Cyber Insurance Intake Process Benchmarks Client Security
Cyber insurers are using more and more sophisticated technology for their cyber insurance intake processes, underwriting controls and continous risk mitigation. One interesting recent example is a solution that identifies the presence of leaked data online to predict claims by cyber liability insurance customers. Now AON reports its CyQu assessment “evaluates risk across 35 critical controls within nine security domains, providing insights into significant risks and control effectiveness (and) benchmark(ing) over 10,000 clients and has 20,000 client users.”
The broker explains its system “transcends traditional paper applications by providing peer comparisons and security control benchmarks as part of the submission process. It uses analytics and a comprehensive evaluation framework to offer detailed insights into cyber risk posture, enabling vulnerability identification and risk mitigation prioritization.” 65 cyber insurers accept the CyQu process, according to AON.

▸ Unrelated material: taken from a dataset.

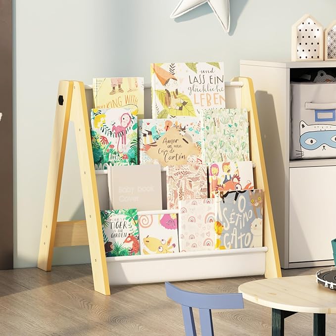 - 【Child-Friendly Design & Easy Book Display】 Our toddler bookshelf is designed for safety and convenience, with smooth edges and a sturdy, child-safe build. The front-facing design helps toddlers view and select books easily, encouraging independent reading. It’s perfect for nurseries and kids’ rooms, and it’s foldable for easy storage.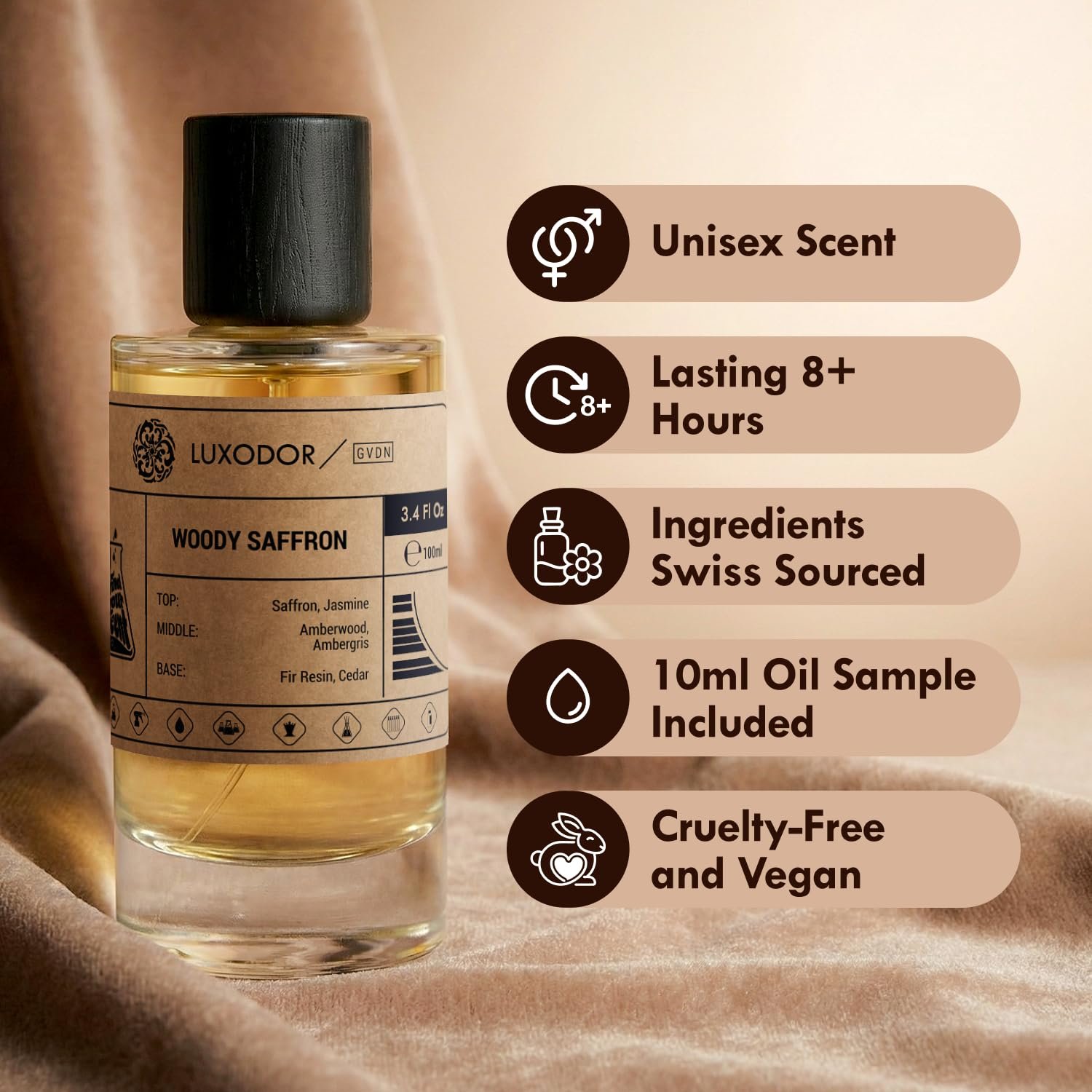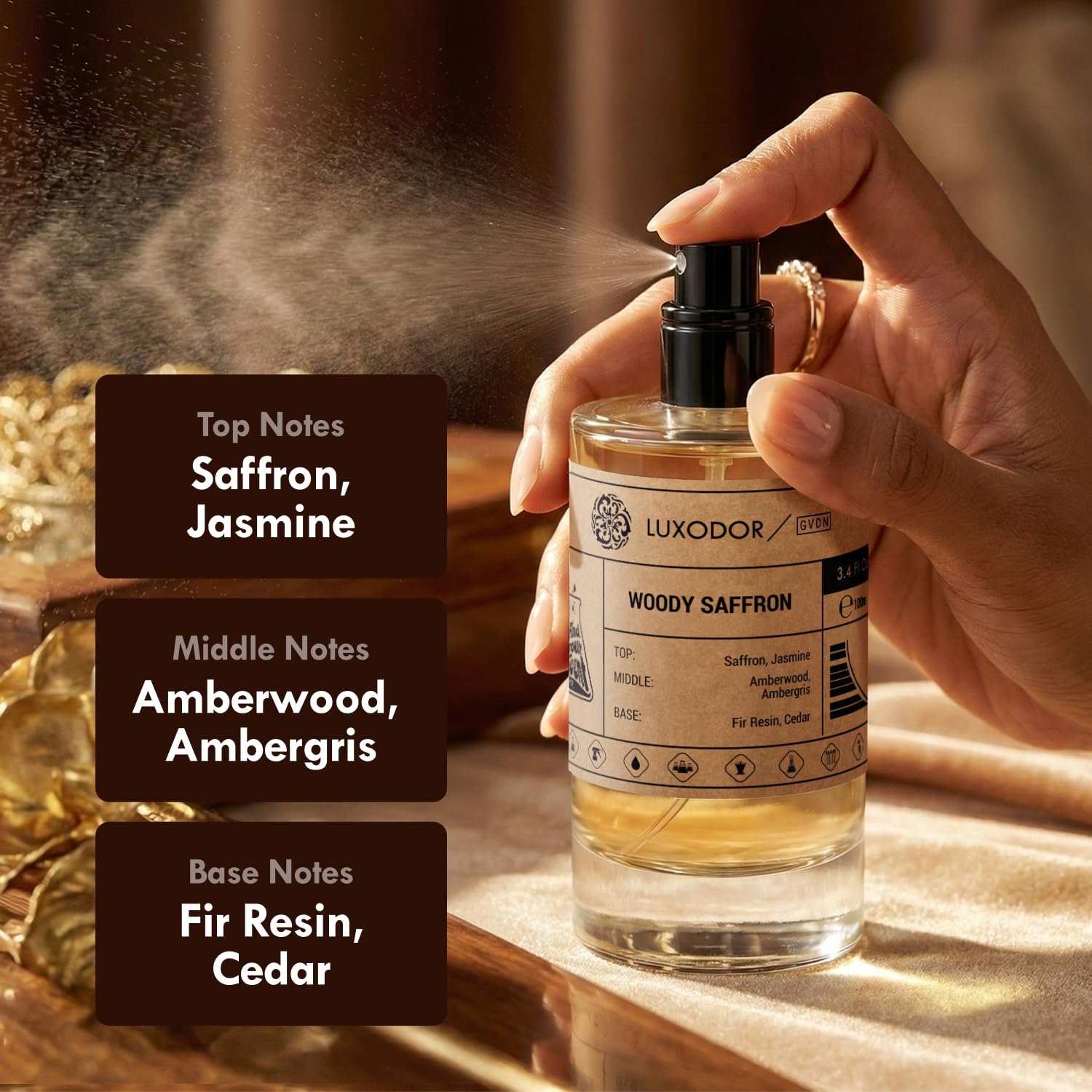 Saffron & Amber Woody Fragrance: Luxodor Woody Saffron opens with saffron and jasmine, flows into amberwood, ambergris, and hedione, and finishes with fir resin, cedar, sugar, ambroxan, and oakmoss. A rich, airy unisex perfume.

Cybersecurity Insurance Intake Process
With the proliferation of often complex cyber security standards (AON says its system is mapped to ISO and NIST frameworks) and constant increase in the number and variety of cyber threats, even large, sophisticated insurance customers benefit from threat and controls analysis from their cyber insurers. For many smaller companies, their broker and/or insurer probably provides far more valuable cyber security analysis and advice than their own IT teams. As with fire safety and other traditional risk areas covered by P&C insurance, de facto minimum standards for cyber security will increasingly be dictated by the insurance industry and its intake, underwriting and continous monitoring systems.